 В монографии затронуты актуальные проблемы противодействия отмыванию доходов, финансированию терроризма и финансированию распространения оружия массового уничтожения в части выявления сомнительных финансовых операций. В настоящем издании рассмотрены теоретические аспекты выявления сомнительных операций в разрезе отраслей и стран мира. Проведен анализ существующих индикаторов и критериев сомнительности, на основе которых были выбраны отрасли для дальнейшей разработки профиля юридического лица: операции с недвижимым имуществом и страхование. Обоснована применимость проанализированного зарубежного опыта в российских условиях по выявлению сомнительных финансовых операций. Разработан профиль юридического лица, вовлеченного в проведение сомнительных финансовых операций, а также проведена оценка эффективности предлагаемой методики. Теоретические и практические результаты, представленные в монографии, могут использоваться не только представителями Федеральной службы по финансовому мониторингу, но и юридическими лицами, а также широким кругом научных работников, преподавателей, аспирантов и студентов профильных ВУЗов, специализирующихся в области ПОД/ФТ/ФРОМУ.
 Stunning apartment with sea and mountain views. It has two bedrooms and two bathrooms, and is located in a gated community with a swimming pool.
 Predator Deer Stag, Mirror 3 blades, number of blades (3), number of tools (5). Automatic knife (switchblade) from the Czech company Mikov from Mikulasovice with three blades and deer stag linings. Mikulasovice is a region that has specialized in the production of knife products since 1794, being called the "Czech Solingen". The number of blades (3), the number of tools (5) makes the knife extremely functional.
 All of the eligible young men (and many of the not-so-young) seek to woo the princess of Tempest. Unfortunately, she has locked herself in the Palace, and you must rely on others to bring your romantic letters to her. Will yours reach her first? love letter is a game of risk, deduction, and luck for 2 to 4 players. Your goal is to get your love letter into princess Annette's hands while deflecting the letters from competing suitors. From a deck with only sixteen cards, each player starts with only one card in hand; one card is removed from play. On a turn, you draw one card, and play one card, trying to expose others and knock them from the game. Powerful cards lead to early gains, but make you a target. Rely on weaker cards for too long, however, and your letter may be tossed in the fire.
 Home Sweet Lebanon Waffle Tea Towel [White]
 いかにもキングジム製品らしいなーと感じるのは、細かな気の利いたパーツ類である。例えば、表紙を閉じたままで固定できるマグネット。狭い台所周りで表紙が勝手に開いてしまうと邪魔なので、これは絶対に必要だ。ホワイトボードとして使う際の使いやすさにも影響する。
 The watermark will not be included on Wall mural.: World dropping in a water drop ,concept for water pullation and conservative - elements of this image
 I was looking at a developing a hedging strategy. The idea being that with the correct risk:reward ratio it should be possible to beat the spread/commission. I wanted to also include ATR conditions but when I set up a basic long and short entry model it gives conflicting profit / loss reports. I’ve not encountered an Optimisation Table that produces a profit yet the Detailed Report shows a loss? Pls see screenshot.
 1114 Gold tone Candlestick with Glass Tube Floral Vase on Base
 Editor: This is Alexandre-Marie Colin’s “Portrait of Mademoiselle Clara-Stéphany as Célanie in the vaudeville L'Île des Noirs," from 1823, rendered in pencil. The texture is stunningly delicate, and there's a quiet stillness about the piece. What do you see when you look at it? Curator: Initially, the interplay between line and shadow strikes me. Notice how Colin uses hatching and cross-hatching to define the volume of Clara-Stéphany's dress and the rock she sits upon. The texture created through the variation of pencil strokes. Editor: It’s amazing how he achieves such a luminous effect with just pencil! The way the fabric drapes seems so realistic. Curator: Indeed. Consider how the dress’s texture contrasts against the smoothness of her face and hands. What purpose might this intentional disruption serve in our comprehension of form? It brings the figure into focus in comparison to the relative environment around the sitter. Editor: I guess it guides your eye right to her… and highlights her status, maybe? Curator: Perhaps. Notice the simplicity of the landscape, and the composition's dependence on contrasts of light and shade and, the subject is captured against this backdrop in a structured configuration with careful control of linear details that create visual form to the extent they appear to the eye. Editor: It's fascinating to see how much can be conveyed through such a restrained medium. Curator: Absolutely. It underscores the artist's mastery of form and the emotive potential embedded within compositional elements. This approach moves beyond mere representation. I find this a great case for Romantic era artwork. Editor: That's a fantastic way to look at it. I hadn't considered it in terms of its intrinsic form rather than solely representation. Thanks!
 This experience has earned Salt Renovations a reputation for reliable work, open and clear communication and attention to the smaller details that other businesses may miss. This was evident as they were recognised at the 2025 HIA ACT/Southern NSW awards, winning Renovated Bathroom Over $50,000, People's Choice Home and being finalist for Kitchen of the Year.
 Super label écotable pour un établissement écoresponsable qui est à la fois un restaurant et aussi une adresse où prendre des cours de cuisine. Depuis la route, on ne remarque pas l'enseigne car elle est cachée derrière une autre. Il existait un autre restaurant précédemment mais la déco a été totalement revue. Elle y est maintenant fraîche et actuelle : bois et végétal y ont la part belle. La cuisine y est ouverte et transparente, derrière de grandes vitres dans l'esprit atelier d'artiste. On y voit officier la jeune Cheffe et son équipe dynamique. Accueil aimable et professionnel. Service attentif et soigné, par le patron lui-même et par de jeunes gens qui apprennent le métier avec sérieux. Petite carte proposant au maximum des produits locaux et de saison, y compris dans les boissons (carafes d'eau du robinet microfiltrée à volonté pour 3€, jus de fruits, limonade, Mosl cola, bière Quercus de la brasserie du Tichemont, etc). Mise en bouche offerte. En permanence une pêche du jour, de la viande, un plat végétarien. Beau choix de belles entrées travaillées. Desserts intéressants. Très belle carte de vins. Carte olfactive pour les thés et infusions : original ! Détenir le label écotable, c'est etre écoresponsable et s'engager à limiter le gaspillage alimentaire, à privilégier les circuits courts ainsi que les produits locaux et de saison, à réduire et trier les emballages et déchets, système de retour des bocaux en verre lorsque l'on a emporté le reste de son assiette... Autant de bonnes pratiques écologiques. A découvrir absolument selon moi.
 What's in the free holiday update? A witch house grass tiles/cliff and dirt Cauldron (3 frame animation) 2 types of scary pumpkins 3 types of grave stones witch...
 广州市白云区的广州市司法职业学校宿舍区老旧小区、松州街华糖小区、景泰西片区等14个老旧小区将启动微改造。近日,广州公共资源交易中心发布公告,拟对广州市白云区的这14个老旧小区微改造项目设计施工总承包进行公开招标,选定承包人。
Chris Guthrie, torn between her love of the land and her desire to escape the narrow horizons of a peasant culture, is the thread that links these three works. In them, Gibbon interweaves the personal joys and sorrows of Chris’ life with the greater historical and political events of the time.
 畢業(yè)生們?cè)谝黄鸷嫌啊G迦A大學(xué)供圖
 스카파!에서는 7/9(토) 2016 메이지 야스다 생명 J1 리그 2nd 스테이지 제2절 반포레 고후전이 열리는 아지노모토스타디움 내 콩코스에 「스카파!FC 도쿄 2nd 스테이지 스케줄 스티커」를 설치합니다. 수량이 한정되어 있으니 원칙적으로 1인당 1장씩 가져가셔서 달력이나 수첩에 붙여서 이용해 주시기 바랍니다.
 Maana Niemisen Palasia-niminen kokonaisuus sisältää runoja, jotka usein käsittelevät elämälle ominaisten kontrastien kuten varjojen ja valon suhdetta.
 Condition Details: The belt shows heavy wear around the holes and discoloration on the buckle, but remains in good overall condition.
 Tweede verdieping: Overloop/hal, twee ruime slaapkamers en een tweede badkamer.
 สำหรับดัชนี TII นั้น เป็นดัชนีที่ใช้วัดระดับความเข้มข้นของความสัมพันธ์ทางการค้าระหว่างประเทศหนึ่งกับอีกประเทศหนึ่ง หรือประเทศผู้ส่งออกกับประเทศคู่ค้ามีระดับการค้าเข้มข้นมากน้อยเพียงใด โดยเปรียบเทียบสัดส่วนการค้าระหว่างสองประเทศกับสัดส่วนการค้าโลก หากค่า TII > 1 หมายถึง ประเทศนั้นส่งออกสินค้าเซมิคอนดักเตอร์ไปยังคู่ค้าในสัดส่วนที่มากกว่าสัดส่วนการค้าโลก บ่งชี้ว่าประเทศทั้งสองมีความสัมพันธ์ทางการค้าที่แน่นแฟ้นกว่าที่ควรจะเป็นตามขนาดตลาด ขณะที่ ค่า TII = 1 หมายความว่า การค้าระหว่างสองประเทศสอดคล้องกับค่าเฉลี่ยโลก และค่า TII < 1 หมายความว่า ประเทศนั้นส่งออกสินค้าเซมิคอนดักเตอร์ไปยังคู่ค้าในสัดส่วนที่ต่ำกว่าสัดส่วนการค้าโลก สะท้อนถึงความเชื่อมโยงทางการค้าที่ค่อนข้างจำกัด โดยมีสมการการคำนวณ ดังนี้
◆ ◆ ◆ ◆
**Activity:** Write out exactly the lines above between the line with "いかにもキングジム製品らしい" and the line with "1114 Gold tone", inclusive, and nothing beyond them.

**Reply:**
 いかにもキングジム製品らしいなーと感じるのは、細かな気の利いたパーツ類である。例えば、表紙を閉じたままで固定できるマグネット。狭い台所周りで表紙が勝手に開いてしまうと邪魔なので、これは絶対に必要だ。ホワイトボードとして使う際の使いやすさにも影響する。
 The watermark will not be included on Wall mural.: World dropping in a water drop ,concept for water pullation and conservative - elements of this image
 I was looking at a developing a hedging strategy. The idea being that with the correct risk:reward ratio it should be possible to beat the spread/commission. I wanted to also include ATR conditions but when I set up a basic long and short entry model it gives conflicting profit / loss reports. I’ve not encountered an Optimisation Table that produces a profit yet the Detailed Report shows a loss? Pls see screenshot.
 1114 Gold tone Candlestick with Glass Tube Floral Vase on Base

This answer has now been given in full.